◆ **Given material**:
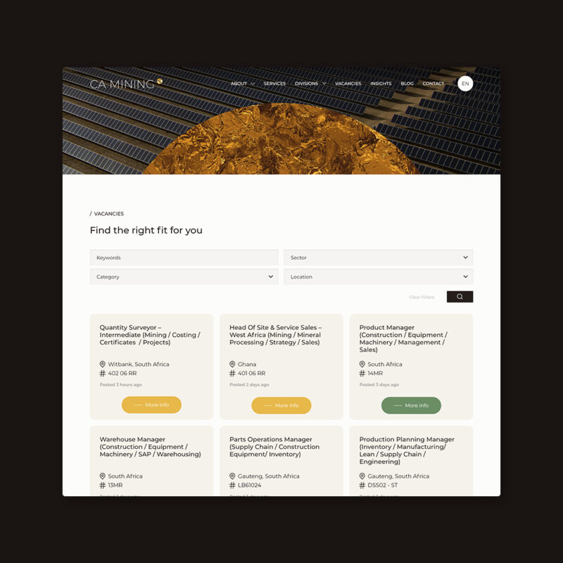 CA Mining and CA Energy have spent more than 18 years connecting exceptional talent with opportunities across the globe. From expatriate assignments to domestic and diaspora recruitment, their strength lies in deep local insight paired with a genuine understanding of their clients’ needs. Whether it’s contingency or executive placements, headhunting, project teams, or retained searches, they offer tailored solutions rather than a one-size-fits-all approach.
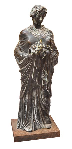 SPELTER ALLEGORICAL FIGURE MODELLED AS A HARVEST GODDESS, 168CM HIGH (FIGURE)
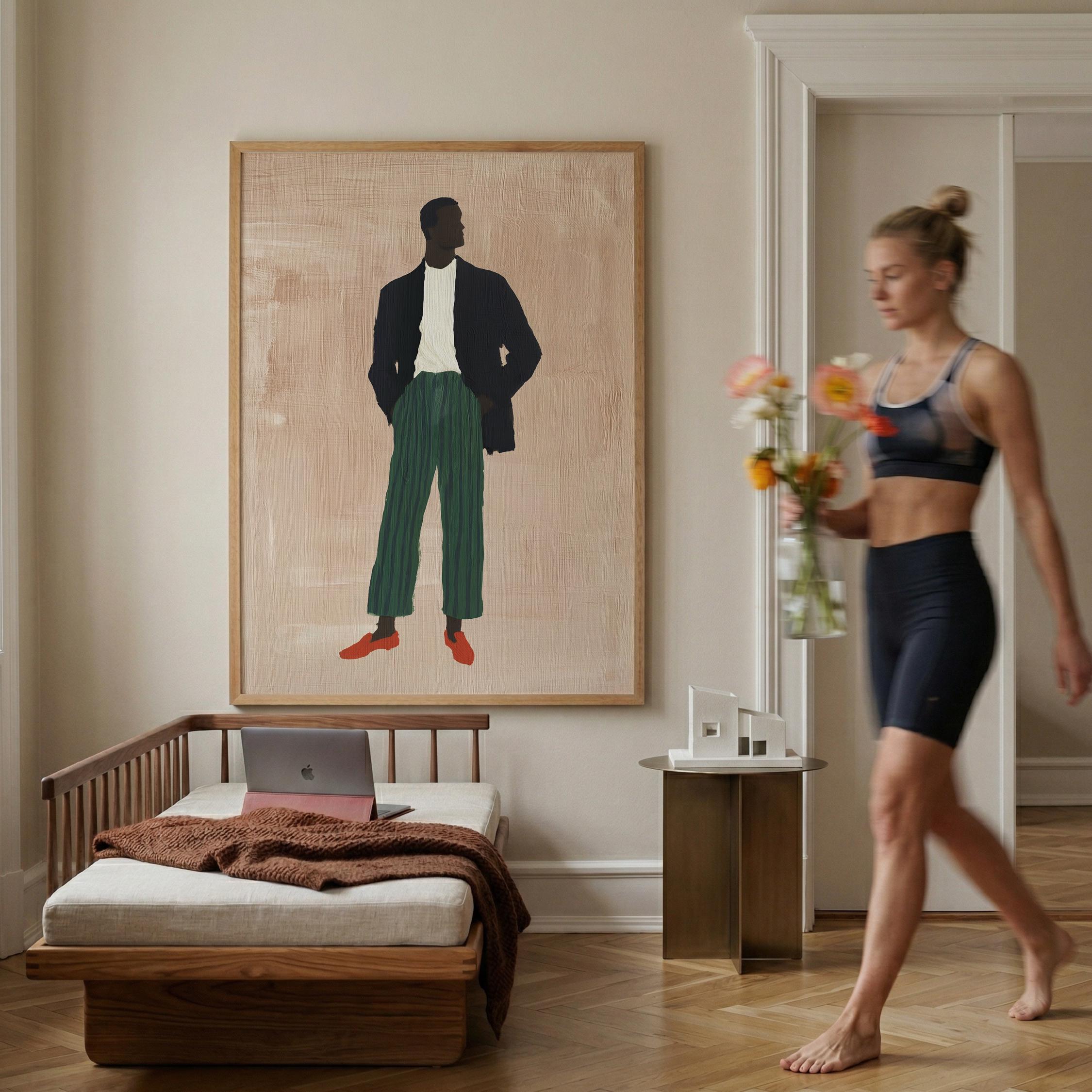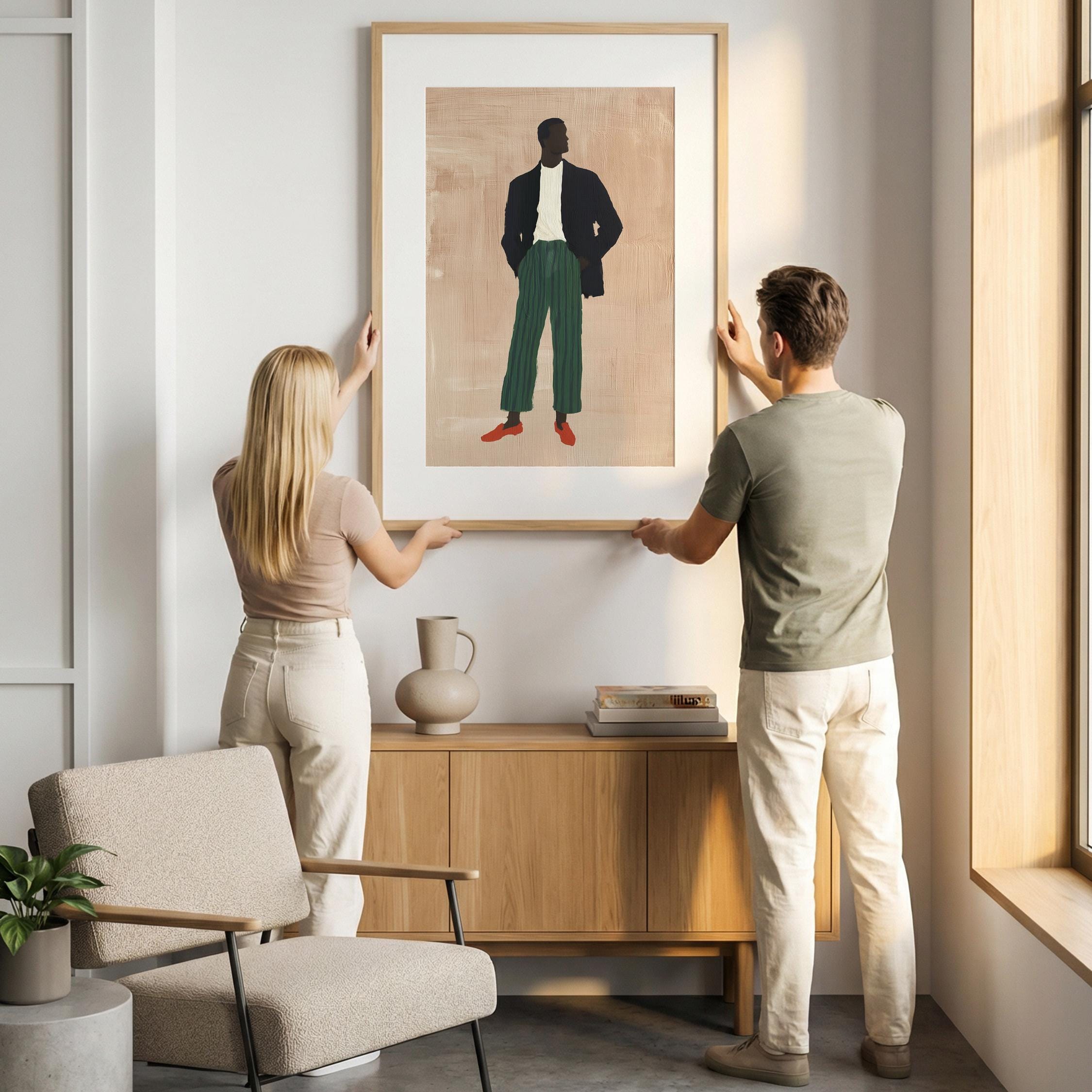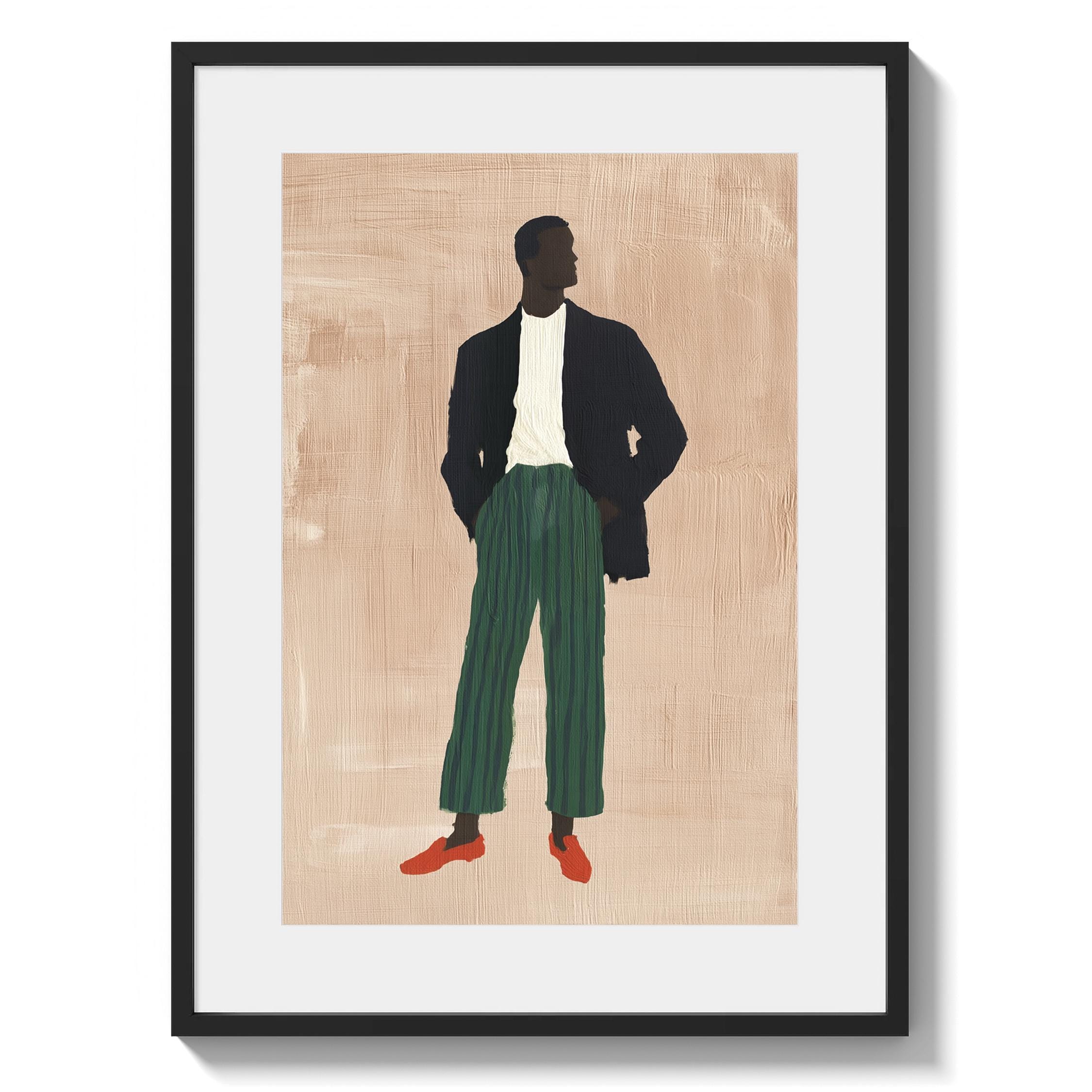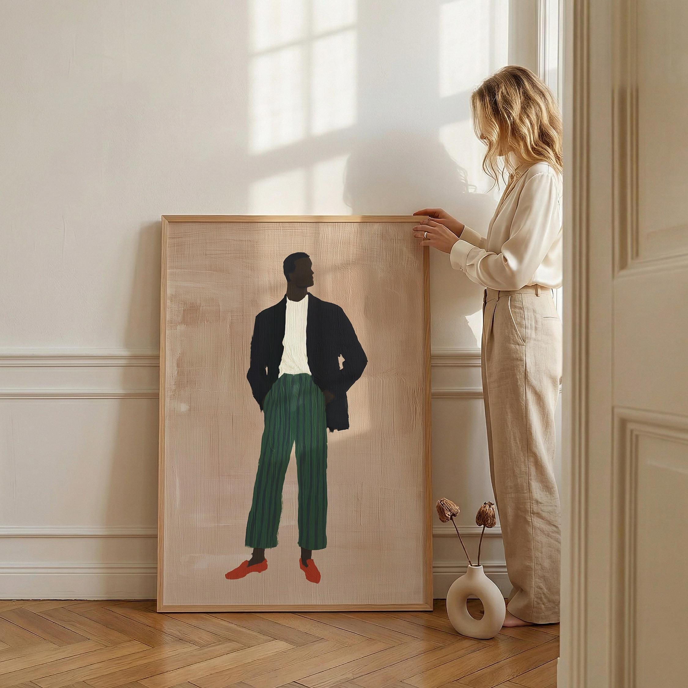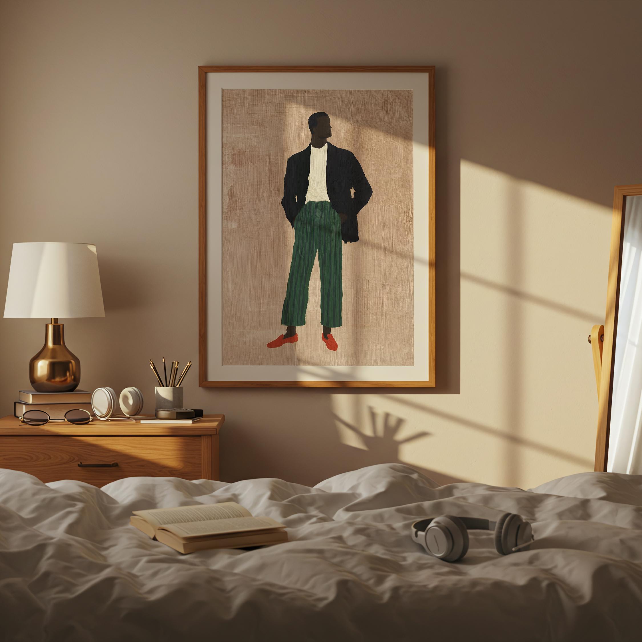 a stylish depiction of a fashionable Black man, perfect for a modern living room and a great gift for a housewarming gift.

◆ **Work to complete**:
Starting from the line that has "SPELTER ALLEGORICAL FIGURE" and ending at the last line of the material above, every line should be output exactly; pictures are dropped and nothing else appears.

◆ **Answer below**:
 SPELTER ALLEGORICAL FIGURE MODELLED AS A HARVEST GODDESS, 168CM HIGH (FIGURE)
 a stylish depiction of a fashionable Black man, perfect for a modern living room and a great gift for a housewarming gift.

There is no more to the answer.